Hello
So my friend has been giving me a hard time about the words intention, attention, perspective, and perception. She thinks it’s too many words to describe be present or pay attention.
Here’s the thing, I think being mindful is like seeing in 3-D, seeing in several dimensions at once.
When I first started to do injections into joints I had to learn all the anatomy of those joints. When it came time to do the injection it was as if I was seeing in that 3-dimensional space in order to get the fluid exactly where I wanted it to go.
When working as a therapist with families or couples seeing in 3-D is fundamental to being able to get the whole picture from the two (or more) skewed perspectives offered. You have to be able to interpret what is and isn’t said as well as the energy and force of what matters to the various participants.
And when I started taking pulses in my oriental medicine training, I was taught to feel depth, quality and speed of each of the 12 channels but I also felt the emotion that went with the pulse. One of my teachers told me that wasn’t typical. So this concept of seeing or receiving information in 3-D may be a natural one for me.
I think seeing in 3-D is essential for real, full communication and right action. And unless it’s natural it’s something that requires awareness about how to do it and lots of practice.
The words intention, attention, perspective, and perception increase your awareness and focus you onto the space in a 3-dimensional way.
Intention focuses you in on what you intend, what you want/desire or what the other intends, wants/desires.
Attention focuses you in on the tone, loudness, word choice, meaning and emotion as well as whether you and the other have the same meaning for words and/or actions – it pulls you into the present.
Perspective gets you into the figure/ground aspect of the interaction and allows for paradigm identification and paradigm shifting.

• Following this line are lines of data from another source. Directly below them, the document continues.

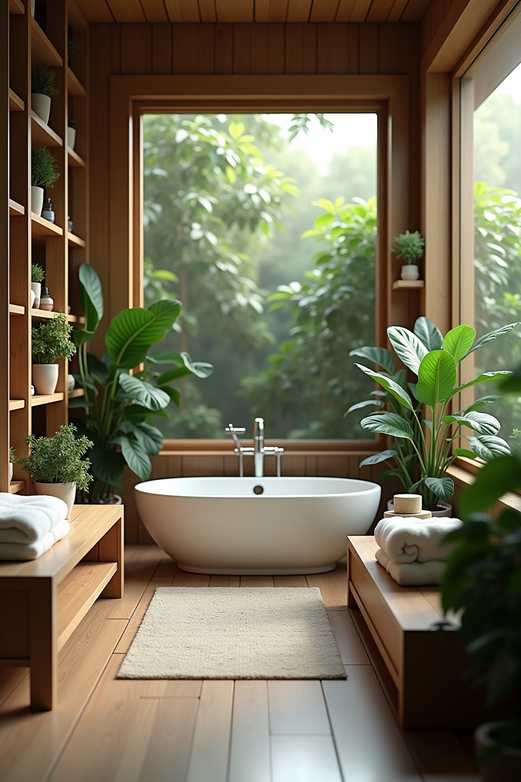 • Pflanzenintegration: Feuchtigkeitsliebende Grünpflanzen für natürliche Frische
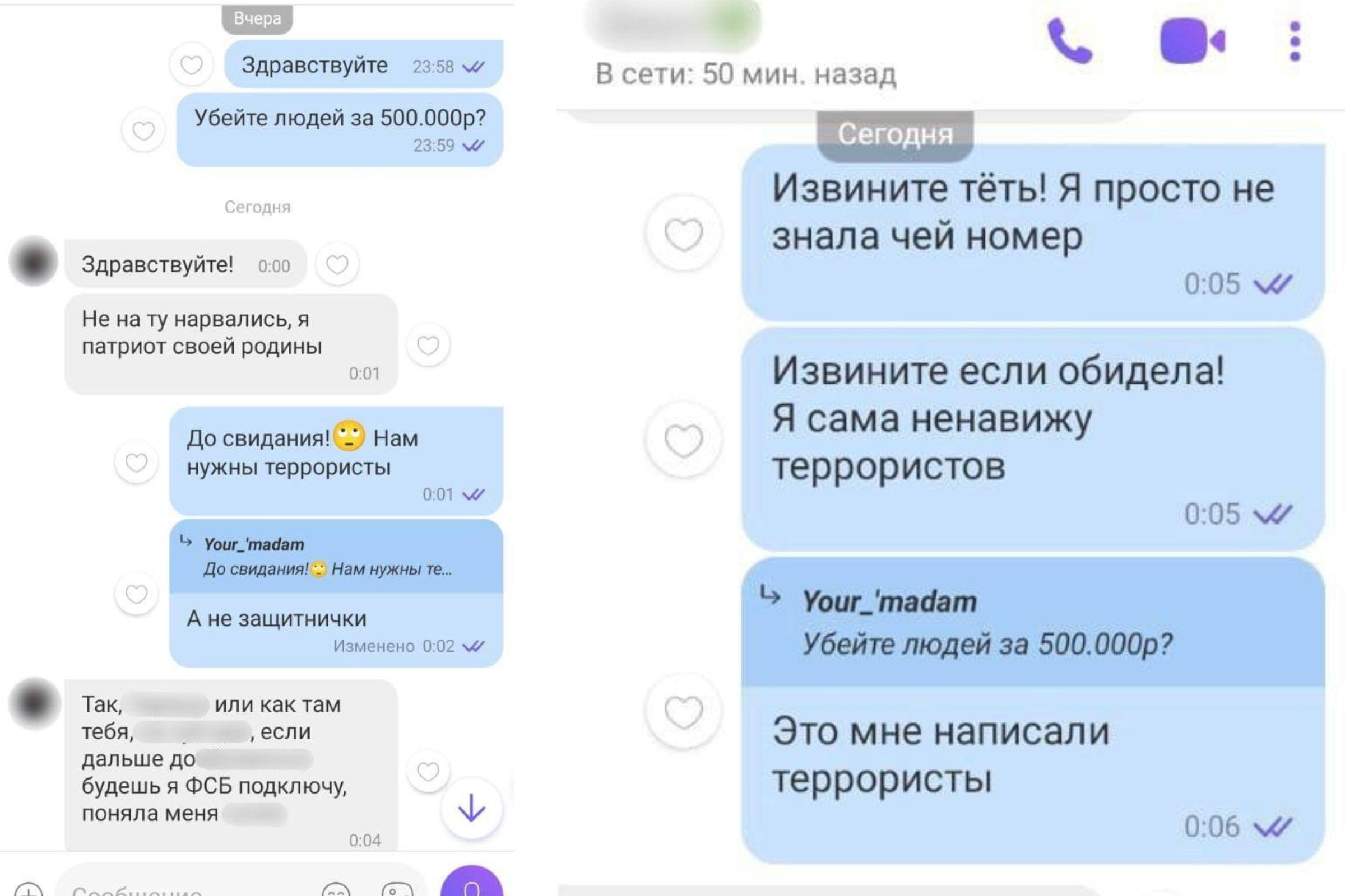 «Извините, теть! Я просто не знала чей номер. Извините, если обидела! Я сама ненавижу террористов. Это мне написали террористы», – писала девочка в свое оправдание.
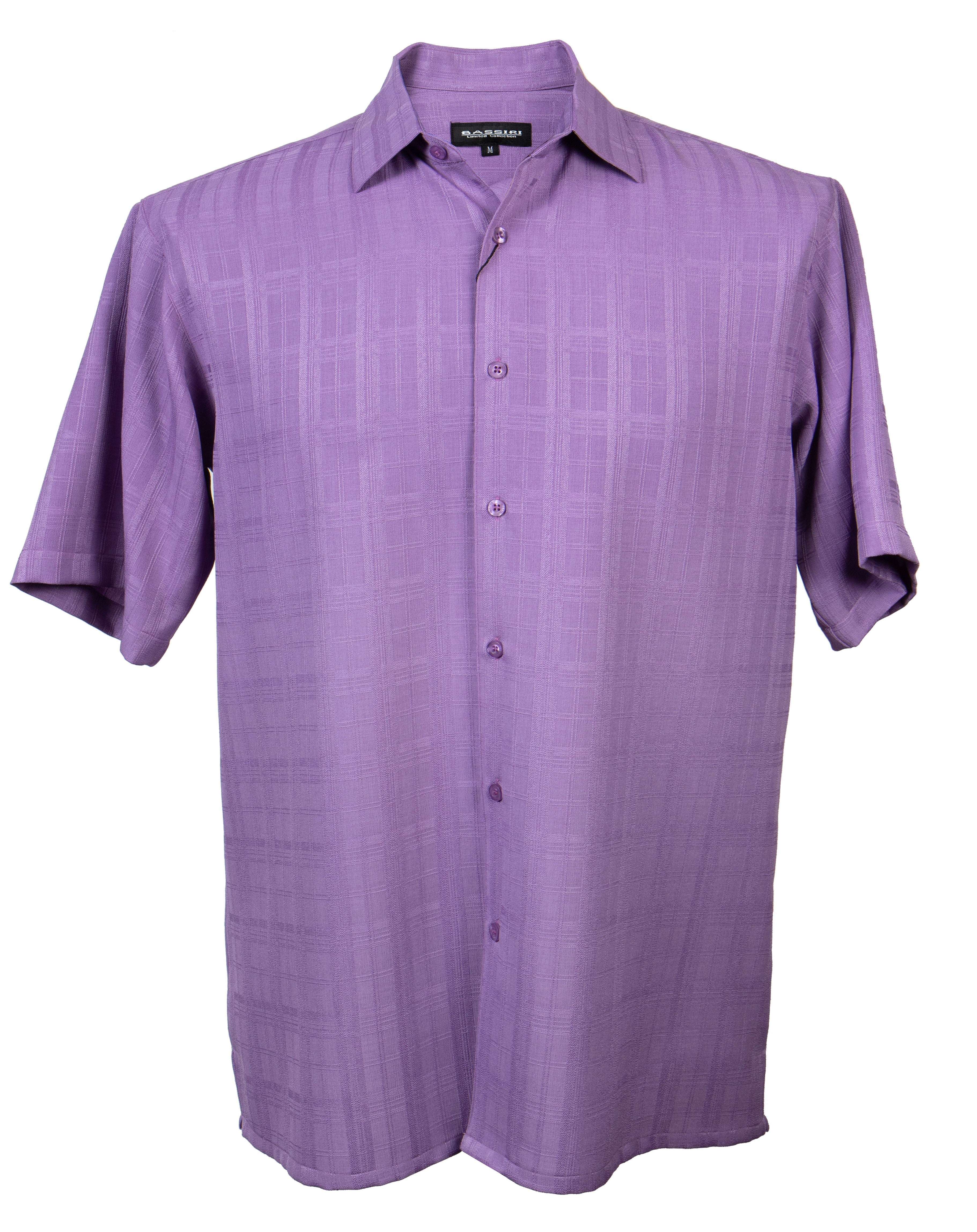ShadowGrid Collection Lavender Plaid Texture Microfiber Short Sleeve Shirt – Full Cut

And perception has aspects of all of the other three but in a more whole-istic fashion. It allows for mindful understanding and mindful action.
It’s like looking at a situation, relationship, or problem from a 360 degree perspective, breadth as well as depth.
So when you are thinking about a situation or a relationship start to use these words as guide posts to increase your mindfulness awareness of yourself and the other(s) involved and see if you don’t get some surprising answers about what may be going on in those situations.
You have to use your intuitive sense, your observations, questioning skills, and willingness to listen and act in a mindful present moment way. Practice applying the whole picture to the situation.
See you tomorrow.
Beth
March 3, 2010 at 8:08 am
I think it’s fascinating that you were feeling the emotions of the pulses.
March 3, 2010 at 3:30 pm
Most commonly sadness in the lung pulse, anxiety in the heart pulse and all sorts of emotions in the liver pulse. Sometimes I feel a tired-ness or sluggish-ness as an emotion in the spleen pulse. It’s across patients and it was just part of how I took the pulses – I often chose jing river points on that channel to deal with it and the supervisors were surprised by my choices; it wasn’t until my third year when a supervisor investigated how I felt the emotion and she explained that it was not a typical part of reading the pulses. I’m suspicious it has something to do with my energy work and long experience working with people dealing with emotional issues.